Introduction: Sarcoidosis is an antigen-mediated disease of unknown cause defined by granulomatous inflammation of different organs.

Objective: The aim of this study was to analyze the clinical picture in 26 patients with a definitive and presumed ocular sarcoidosis.

Methods: The following tests were conducted: angiotensin-converting enzyme, tuberculin skin test, liver enzymes and calcium in urine and serum. Enlarged hilar lymph glands were diagnosed using X-ray tomography or computed tomography of the mediastinum. A biopsy of lymph glands was performed either transbronchially or transmediastinally. Ophthalmic examination included biomicroscopic examination, intraocular pressure measurement, photofundus, fluorescein angiography, optical coherence tomography and computerized perimetry.

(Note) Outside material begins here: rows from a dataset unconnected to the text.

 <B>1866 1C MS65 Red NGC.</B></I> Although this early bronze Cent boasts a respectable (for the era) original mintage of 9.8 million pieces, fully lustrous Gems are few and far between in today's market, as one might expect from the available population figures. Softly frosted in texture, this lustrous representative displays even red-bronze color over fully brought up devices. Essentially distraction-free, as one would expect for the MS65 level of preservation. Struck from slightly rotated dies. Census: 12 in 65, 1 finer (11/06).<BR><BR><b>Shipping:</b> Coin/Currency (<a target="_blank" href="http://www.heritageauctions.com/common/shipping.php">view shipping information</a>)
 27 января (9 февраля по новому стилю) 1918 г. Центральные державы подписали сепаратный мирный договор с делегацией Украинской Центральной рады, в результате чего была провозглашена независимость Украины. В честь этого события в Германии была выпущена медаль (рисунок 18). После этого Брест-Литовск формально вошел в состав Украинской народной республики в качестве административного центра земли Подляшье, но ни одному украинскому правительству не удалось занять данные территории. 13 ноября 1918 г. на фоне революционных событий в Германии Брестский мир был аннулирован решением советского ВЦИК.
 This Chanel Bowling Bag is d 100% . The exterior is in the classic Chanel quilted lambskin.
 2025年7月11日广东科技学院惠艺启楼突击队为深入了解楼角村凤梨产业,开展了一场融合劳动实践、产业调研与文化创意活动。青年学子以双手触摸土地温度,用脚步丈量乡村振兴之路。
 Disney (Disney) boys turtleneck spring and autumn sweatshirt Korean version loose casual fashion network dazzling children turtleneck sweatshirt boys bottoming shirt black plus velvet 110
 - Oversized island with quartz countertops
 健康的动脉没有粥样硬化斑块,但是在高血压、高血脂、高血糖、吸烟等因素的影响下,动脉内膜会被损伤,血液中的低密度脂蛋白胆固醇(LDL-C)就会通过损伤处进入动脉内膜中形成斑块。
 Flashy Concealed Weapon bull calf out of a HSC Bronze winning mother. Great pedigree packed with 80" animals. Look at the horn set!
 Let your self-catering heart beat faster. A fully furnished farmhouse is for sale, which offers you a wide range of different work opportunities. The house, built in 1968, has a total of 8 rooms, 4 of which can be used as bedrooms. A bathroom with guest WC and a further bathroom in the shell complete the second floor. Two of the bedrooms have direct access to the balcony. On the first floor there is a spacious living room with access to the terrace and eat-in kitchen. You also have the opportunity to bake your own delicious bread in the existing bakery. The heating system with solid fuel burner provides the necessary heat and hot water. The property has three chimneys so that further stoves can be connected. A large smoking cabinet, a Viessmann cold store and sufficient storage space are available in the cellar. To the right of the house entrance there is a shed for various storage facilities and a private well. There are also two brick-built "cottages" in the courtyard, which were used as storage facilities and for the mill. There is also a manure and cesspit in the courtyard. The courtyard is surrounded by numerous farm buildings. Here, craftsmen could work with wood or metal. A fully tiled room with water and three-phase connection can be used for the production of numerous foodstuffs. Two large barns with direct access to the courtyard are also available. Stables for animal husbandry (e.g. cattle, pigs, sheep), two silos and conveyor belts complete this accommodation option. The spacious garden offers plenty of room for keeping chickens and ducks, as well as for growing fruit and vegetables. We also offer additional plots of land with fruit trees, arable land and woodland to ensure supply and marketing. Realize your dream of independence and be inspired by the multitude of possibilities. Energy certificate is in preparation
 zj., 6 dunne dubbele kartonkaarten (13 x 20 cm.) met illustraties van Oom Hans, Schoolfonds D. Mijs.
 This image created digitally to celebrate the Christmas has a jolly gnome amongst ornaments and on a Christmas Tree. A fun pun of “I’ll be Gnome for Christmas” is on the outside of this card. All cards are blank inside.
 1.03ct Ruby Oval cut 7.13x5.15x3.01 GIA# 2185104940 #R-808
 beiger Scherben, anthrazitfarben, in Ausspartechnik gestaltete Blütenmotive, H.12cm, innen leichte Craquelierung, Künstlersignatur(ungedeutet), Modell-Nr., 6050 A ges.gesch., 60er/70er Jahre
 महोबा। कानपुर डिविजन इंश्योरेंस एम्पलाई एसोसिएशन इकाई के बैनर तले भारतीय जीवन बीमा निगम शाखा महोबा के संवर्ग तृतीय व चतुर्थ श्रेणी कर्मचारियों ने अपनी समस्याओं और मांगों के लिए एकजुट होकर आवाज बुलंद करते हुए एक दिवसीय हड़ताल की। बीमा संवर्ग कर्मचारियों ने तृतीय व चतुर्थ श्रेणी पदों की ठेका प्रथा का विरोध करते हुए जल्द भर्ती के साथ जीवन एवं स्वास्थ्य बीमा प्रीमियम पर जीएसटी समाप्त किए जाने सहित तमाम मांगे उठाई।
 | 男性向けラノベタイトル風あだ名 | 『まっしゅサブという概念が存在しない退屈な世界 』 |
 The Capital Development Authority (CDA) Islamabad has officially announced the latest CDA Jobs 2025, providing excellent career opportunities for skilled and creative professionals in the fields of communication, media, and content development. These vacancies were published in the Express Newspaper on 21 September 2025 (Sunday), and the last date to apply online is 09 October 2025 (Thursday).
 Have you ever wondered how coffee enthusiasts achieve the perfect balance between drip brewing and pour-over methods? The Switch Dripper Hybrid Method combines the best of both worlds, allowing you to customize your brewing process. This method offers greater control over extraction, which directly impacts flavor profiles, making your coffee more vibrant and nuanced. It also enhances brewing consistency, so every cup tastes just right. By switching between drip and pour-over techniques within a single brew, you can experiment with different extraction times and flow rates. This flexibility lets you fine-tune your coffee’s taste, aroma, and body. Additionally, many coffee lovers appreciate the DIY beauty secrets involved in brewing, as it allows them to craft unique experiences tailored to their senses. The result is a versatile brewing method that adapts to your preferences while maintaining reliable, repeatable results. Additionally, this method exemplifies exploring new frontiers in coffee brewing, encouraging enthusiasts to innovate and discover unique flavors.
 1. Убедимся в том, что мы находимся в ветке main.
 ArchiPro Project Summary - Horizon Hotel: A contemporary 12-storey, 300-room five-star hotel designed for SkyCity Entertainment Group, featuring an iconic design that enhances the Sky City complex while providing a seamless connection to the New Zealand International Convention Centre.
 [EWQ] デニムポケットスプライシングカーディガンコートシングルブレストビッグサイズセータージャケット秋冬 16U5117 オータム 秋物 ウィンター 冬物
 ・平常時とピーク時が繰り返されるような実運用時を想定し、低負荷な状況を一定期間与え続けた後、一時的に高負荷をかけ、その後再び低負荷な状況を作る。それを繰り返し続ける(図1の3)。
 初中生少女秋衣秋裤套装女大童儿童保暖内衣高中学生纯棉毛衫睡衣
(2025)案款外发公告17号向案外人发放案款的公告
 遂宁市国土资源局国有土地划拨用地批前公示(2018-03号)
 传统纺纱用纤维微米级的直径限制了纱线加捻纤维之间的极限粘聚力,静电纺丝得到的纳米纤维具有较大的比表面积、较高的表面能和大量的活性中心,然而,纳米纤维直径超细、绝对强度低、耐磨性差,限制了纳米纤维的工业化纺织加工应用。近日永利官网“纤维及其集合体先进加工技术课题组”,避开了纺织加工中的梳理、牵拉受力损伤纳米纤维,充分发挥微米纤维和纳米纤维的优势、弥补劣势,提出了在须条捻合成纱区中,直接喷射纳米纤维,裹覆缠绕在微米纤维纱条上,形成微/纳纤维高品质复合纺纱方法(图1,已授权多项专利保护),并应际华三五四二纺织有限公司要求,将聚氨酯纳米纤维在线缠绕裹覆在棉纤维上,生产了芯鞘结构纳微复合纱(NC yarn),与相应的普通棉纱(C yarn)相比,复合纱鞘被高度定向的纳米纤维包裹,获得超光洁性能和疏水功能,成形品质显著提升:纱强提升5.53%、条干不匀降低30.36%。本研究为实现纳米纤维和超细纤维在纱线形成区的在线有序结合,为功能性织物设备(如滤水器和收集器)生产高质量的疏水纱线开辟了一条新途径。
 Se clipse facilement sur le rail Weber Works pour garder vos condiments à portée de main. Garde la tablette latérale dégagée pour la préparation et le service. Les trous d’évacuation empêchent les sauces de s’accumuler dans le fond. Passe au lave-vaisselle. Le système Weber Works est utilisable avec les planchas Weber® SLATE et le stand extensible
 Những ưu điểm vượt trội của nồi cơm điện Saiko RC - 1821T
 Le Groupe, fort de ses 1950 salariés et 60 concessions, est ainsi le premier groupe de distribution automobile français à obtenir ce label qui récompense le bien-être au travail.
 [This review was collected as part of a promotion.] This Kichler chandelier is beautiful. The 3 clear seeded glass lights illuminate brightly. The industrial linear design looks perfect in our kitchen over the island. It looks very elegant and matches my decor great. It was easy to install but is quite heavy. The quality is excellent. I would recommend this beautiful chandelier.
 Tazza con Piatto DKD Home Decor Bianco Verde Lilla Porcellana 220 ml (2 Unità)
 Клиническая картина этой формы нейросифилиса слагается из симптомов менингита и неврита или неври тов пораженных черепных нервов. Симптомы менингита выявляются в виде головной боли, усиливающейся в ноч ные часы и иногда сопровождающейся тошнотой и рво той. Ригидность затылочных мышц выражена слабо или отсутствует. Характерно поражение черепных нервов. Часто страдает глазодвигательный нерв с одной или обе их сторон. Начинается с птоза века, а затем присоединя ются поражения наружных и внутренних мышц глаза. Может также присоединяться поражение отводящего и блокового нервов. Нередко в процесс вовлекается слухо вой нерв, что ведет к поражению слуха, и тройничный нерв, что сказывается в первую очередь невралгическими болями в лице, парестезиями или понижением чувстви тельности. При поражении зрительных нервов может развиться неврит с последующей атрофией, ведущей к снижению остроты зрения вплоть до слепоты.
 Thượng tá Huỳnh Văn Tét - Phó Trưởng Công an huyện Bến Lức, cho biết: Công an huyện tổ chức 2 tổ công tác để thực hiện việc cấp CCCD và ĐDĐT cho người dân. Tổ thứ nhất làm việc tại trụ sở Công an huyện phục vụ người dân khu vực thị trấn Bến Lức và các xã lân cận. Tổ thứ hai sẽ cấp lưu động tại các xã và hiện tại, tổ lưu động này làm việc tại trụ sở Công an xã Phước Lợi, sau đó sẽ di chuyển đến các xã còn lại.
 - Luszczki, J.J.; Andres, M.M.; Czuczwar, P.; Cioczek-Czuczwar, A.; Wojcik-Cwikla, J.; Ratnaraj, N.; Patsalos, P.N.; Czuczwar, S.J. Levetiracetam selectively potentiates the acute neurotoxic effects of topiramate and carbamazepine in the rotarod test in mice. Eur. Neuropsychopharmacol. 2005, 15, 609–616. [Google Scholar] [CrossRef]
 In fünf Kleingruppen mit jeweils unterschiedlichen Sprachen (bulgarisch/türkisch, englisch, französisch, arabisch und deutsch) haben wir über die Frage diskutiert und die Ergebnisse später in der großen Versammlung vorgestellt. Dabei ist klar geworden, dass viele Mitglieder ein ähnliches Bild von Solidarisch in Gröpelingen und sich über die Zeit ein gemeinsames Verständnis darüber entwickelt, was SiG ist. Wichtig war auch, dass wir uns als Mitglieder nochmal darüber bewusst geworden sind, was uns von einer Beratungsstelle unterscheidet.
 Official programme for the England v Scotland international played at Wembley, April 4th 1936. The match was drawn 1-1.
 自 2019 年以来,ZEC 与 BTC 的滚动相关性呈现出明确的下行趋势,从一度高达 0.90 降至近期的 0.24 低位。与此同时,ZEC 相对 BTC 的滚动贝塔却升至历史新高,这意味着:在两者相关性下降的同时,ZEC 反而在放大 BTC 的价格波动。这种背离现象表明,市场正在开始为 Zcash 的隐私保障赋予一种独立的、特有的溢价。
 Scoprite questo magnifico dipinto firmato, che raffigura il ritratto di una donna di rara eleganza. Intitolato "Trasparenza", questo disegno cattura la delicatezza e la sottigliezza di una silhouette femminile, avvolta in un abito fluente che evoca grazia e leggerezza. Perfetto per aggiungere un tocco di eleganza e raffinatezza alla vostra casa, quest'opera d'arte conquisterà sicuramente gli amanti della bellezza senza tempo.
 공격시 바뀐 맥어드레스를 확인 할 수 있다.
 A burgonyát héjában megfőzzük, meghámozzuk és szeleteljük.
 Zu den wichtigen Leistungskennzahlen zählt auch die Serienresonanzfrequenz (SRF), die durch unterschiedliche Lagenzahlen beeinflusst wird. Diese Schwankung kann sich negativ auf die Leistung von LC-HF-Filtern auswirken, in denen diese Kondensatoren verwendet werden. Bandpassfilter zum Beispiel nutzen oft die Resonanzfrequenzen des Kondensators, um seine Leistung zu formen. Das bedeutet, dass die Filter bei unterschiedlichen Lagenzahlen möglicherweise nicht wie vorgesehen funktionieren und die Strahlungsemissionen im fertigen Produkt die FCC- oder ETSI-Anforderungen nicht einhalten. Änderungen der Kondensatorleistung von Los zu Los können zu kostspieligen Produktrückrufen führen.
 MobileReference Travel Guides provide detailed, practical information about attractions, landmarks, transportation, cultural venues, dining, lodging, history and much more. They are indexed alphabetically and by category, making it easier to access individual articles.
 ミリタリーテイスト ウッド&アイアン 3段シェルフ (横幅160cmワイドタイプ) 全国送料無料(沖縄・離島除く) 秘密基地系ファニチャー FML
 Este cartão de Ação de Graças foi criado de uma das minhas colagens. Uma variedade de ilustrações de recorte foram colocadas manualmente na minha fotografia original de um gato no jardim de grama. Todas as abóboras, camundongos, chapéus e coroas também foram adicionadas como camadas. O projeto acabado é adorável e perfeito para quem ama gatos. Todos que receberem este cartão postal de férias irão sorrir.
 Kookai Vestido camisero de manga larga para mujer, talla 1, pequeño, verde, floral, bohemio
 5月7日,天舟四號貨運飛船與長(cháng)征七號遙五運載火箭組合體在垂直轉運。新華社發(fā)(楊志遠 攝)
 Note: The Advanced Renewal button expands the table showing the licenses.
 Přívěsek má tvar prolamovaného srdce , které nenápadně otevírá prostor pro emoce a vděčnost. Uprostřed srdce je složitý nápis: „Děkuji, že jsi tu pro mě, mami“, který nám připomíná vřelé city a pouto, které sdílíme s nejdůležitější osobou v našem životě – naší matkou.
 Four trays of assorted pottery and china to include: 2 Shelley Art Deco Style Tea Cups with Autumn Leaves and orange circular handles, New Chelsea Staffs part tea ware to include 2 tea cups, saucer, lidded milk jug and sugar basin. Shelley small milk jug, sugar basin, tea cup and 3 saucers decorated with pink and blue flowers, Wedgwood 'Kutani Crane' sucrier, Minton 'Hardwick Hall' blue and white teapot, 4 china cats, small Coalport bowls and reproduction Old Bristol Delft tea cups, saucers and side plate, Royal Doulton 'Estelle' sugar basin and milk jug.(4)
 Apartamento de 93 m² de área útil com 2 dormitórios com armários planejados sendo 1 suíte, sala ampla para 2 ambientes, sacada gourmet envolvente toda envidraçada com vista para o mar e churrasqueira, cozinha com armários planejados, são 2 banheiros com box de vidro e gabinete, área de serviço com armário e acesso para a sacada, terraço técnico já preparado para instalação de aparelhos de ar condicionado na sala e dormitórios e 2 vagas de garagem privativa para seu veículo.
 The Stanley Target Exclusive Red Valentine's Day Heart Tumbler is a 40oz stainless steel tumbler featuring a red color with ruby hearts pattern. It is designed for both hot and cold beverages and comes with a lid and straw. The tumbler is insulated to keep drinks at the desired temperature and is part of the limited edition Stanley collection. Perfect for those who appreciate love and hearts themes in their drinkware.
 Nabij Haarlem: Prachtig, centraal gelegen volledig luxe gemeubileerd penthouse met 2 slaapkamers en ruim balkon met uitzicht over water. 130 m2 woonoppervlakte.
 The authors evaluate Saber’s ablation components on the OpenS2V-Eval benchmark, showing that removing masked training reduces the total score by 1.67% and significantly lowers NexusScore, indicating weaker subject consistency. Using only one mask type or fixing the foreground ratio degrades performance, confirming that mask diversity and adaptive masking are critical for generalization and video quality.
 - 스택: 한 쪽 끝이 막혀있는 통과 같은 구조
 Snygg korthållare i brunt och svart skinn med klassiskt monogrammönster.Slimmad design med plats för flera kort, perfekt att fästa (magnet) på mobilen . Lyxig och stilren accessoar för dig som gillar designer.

Results: The average follow-up period of the disease was 6.1 years. The average age was 52.0 years. There were 62.5% female patients, with bilateral incidence of 69.2%. The clinical picture included: panuveitis (in 30.8% of patients), anterior uveitis (26.9%), posterior uveitis (26.9%), intermediate uveitis (7.7%) and vitritis in (7.7%). The following complications were observed: cataract (in 34.6% of patients), cystoid macular edema (23.1%), glaucoma (15.4%), macroaneurysms (15.4%), neovascularization (7.7%) and band keratopathy (3.8%). There was a statistically significant difference in the visual acuity (p = 0.033) and severity of clinical symptoms (p = 0.02) between the groups of patients with retinal vasculitis associated with"candle-wax" phenomenon and the group of patients with multiple chorioretinal lesions--"white dot" syndrome.

Conclusion: To our consideration, the differences observed between the two groups are the result of retinal vasculitis and subsequent macular edema, which is significantly more frequent in the group with"candle-wax" phenomenon.